# Task to complete:
Reproduce the listing in full, exactly as written, but without images.

# Supplied material:
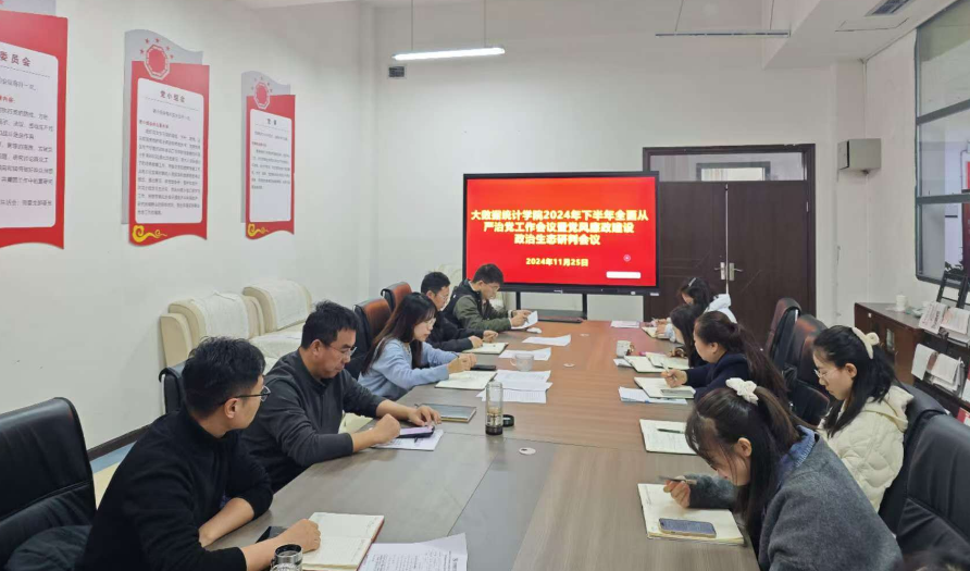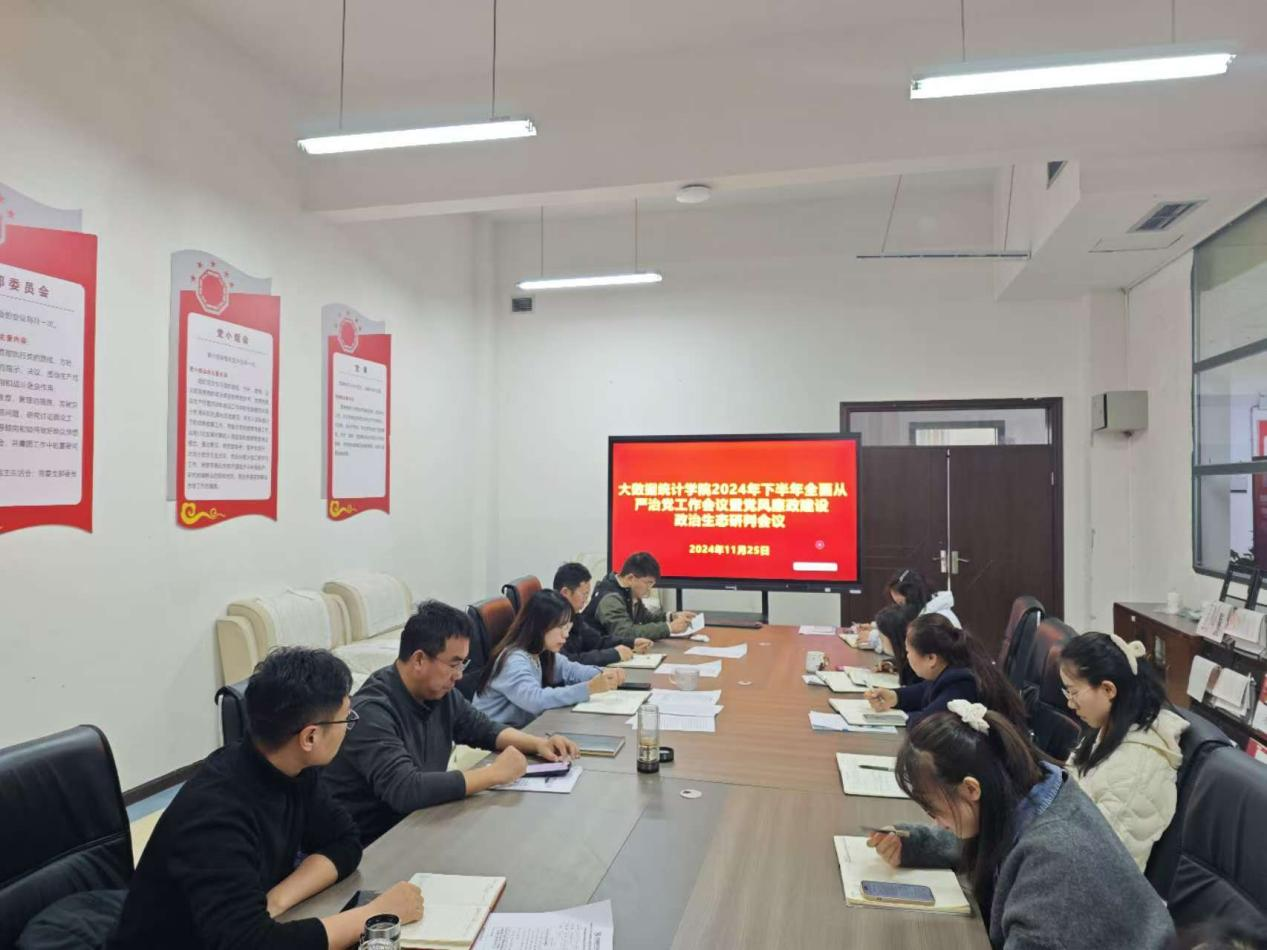 11月25日上午,大数据统计学院党委2024年下半年全面从严治党会议暨党风廉政建设专题会议在修德楼206会议室召开,学院全体处级干部、各科室(系)负责人参与此次会议,会议由党委书记鲁静芳同志主持。
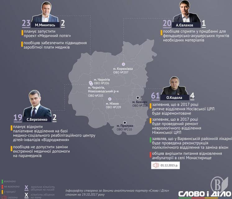 В контексті ухваленої минулого тижня медичної реформи видання «Слово і Діло» наводить інфографіку про те, як народні депутати України, обрані на Чернігівщині, виконували свої обіцянки.
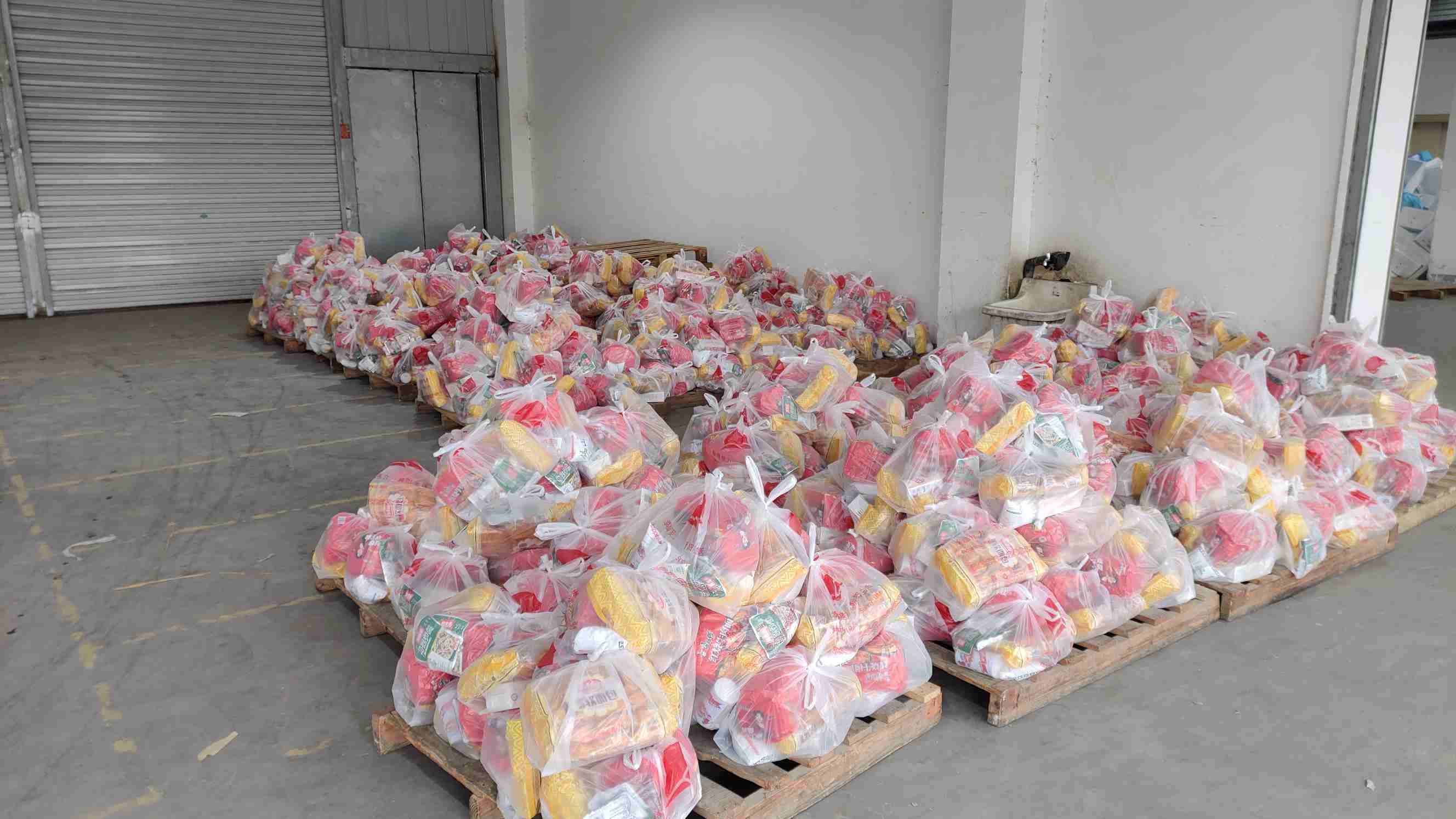 830日中午,在天惠超市生鮮配供月台上,裝載著各類蔬菜、水果等應急物資的叉車來來往往。一旁,員工們正忙著分裝、打包、裝袋,在天惠超市倉庫、蔬果配供及總部辦公室通力合作下,兩個多小時的時間就完成了620份保供物資的保障工作。本次每份保供物資都按照14種生活必需品的規格進行打包,能夠滿足一戶人家3天的用量。每份均含有5種蔬菜、2種水果、1份肉品及黃酒、方便麵等其他生活必需品。隨後,這些保供物資裝車陸續發往指定地點,解決受疫情影響的部分居民的生活需求問題。

# Answer space:
 11月25日上午,大数据统计学院党委2024年下半年全面从严治党会议暨党风廉政建设专题会议在修德楼206会议室召开,学院全体处级干部、各科室(系)负责人参与此次会议,会议由党委书记鲁静芳同志主持。
 В контексті ухваленої минулого тижня медичної реформи видання «Слово і Діло» наводить інфографіку про те, як народні депутати України, обрані на Чернігівщині, виконували свої обіцянки.
 830日中午,在天惠超市生鮮配供月台上,裝載著各類蔬菜、水果等應急物資的叉車來來往往。一旁,員工們正忙著分裝、打包、裝袋,在天惠超市倉庫、蔬果配供及總部辦公室通力合作下,兩個多小時的時間就完成了620份保供物資的保障工作。本次每份保供物資都按照14種生活必需品的規格進行打包,能夠滿足一戶人家3天的用量。每份均含有5種蔬菜、2種水果、1份肉品及黃酒、方便麵等其他生活必需品。隨後,這些保供物資裝車陸續發往指定地點,解決受疫情影響的部分居民的生活需求問題。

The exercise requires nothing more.